UNSC fails to back Russian appeal on Yemen

02 May, 2015

The UN Security Council was unable on Friday to agree on a Russian-drafted statement demanding an immediate ceasefire or at least humanitarian pauses in the fighting in Yemen. Russian Ambassador Vitaly Churkin criticized the 15-member council, saying fellow envoys showed "amazing indecision" in the face of the worsening humanitarian situation in Yemen.
"If you cannot agree to a motherhood-and-apple-pie statement, what can you agree on? I don't understand," Churkin told reporters following the meeting. Russia had requested the meeting after UN Secretary-General Ban Ki-moon warned Thursday that dire fuel shortages were threatening to bring all relief operations to a halt "within days." Diplomats said the Russian statement was not rejected out of hand during the closed-door meeting but that the delegations needed time to consider the wording. "There was a strong degree of council agreement on the desperate humanitarian situation in Yemen and need to return to political talks, but no agreement in the room on the exact working of the statement," said a diplomat.
"Discussions are ongoing," the diplomat said. Russia's diplomacy has been greeted with some degree of suspicion given the country's close ties to Iran, which is supporting the Huthi rebels who have seized the capital Sanaa and forced Yemen's president into exile.

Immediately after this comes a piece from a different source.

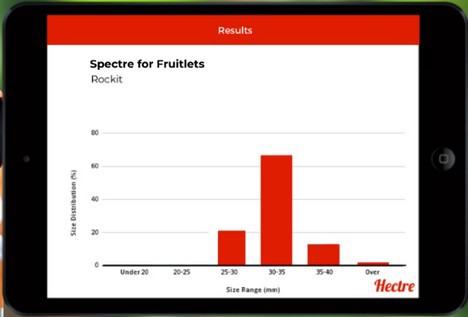 La tecnologia Spectre post-raccolta di Hectre è una soluzione diffusa fra coltivatori e confezionatori che cercano soluzioni mobili, veloci e precise per la calibrazione dei frutti precoci. I clienti includono i giganti della frutta Washington Fruit & Produce, First Fresh NZ, Borton Fruit, Kershaw e Roche, solo per citarne alcuni. Spectre è ora utilizzato in 11 Paesi, in tutto il mondo. L'app post-raccolta Spectre rileva circa 125 pezzi di frutta dallo strato superiore del bins, li calibra e fornisce in pochi secondi un grafico con la stima delle dimensioni dei frutti.
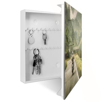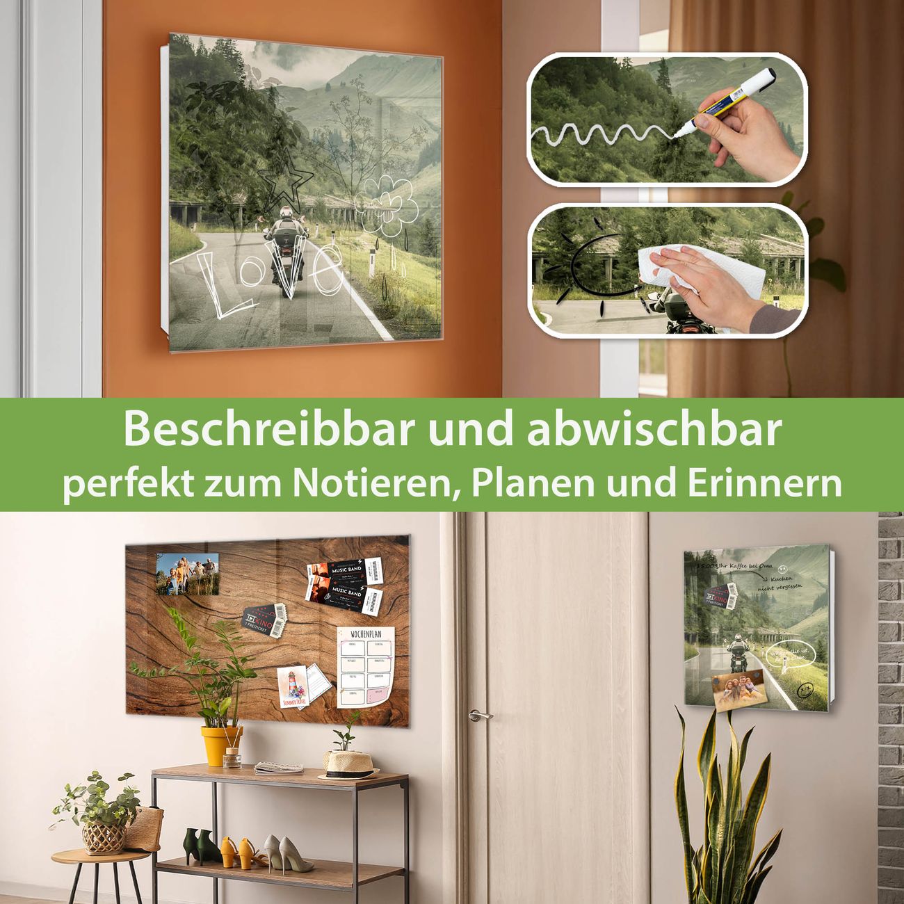 Bringe Ordnung und Eleganz in deinen Eingangsbereich mit dem banjado Schlüsselkasten Motiv Motiv Transalp. Die moderne Schlüsselbox kombiniert funktionales Design mit hochwertiger Verarbeitung und wird so zu einem echten Hingucker in Flur, Büro oder Ferienwohnung. ✅ Stilvolle Schlüsselaufbewahrung mit Glasfront im Motiv Motiv Transalp Der Design-Schlüsselkasten Motiv Motiv Transalp bietet Platz für bis zu 50 Schlüssel, die auf 5 stabilen Reihen mit je 10 Haken übersichtlich verstaut werden. Mit seinen kompakten Maßen von 30 x 30 x 5 cm passt die Schlüsselbox perfekt auch in kleinere Räume. Der weiß lackierte Stahlkorpus mit rechts angeschlagenem Türscharnier harmoniert mit der Glasfront und fügt sich nahtlos in jedes Wohnambiente ein. Ob als Schlüsselorganizer für Zuhause oder als praktische Lösung für Büros, Praxen und Gewerbe, der banjado Schlüsselkasten sorgt für Ordnung und Übersicht. Dank der magnetischen, mit Kreidestiften beschreibbaren Glasfront kannst du Notizen anheften oder Termine direkt auf der Oberfläche festhalten. Die Schlüsselbox Motiv Motiv Transalp zur Wandmontage wird inklusive Befestigungsmaterial geliefert und ist schnell angebracht. So hast du deine Schlüssel jederzeit griffbereit und zugleich stilvoll verstaut. Mit diesem banjado Schlüsselkasten Motiv Motiv Transalp kombinierst du praktische Aufbewahrung mit stilvollem Wohndesign. Ob privat oder geschäftlich, die Schlüsselbox sorgt für mehr Ordnung, Übersicht und ein wohnliches Ambiente.Vorteile im Überblick

The Mauritanian diplomat was appointed to replace Jamal Benomar, who resigned after losing the support of Gulf states. Talks collapsed after the Shia Huthi rebels went on the offensive, seizing Sanaa and advancing on Aden, forcing President Abedrabbo Mansour Hadi to flee into exile to Saudi Arabia. A coalition led by Saudi Arabia launched an air war on Yemen on March 26 to prevent the Huthi rebels from taking the entire territory and to restore Hadi's authority.
Churkin said his government was "very concerned" by the crisis in Yemen and accused Saudi Arabia of showing little interest in resuming peace talks. "We support negotiations but we don't see an interest on the part of those who are engaged in bombing," Churkin said.
UN efforts to resume peace negotiations for Yemen have run into hurdles over disagreements on the venue for the talks, with Gulf countries insisting they be held in Riyadh. Churkin said the talks should take place in a "neutral territory," suggesting that they could be held in Geneva, a proposal backed by other Security Council members.
Diplomats said Feltman told the council that Ban was considering holding an international peace conference on Yemen to re-launch talks. The month-long air strikes in Yemen have crippled deliveries of fuel, food and medicine while all airports are closed to civilian traffic and naval shipments are delayed. Ban has called for an immediate ceasefire and said, short of that, there should be humanitarian pauses in areas affected by the fighting.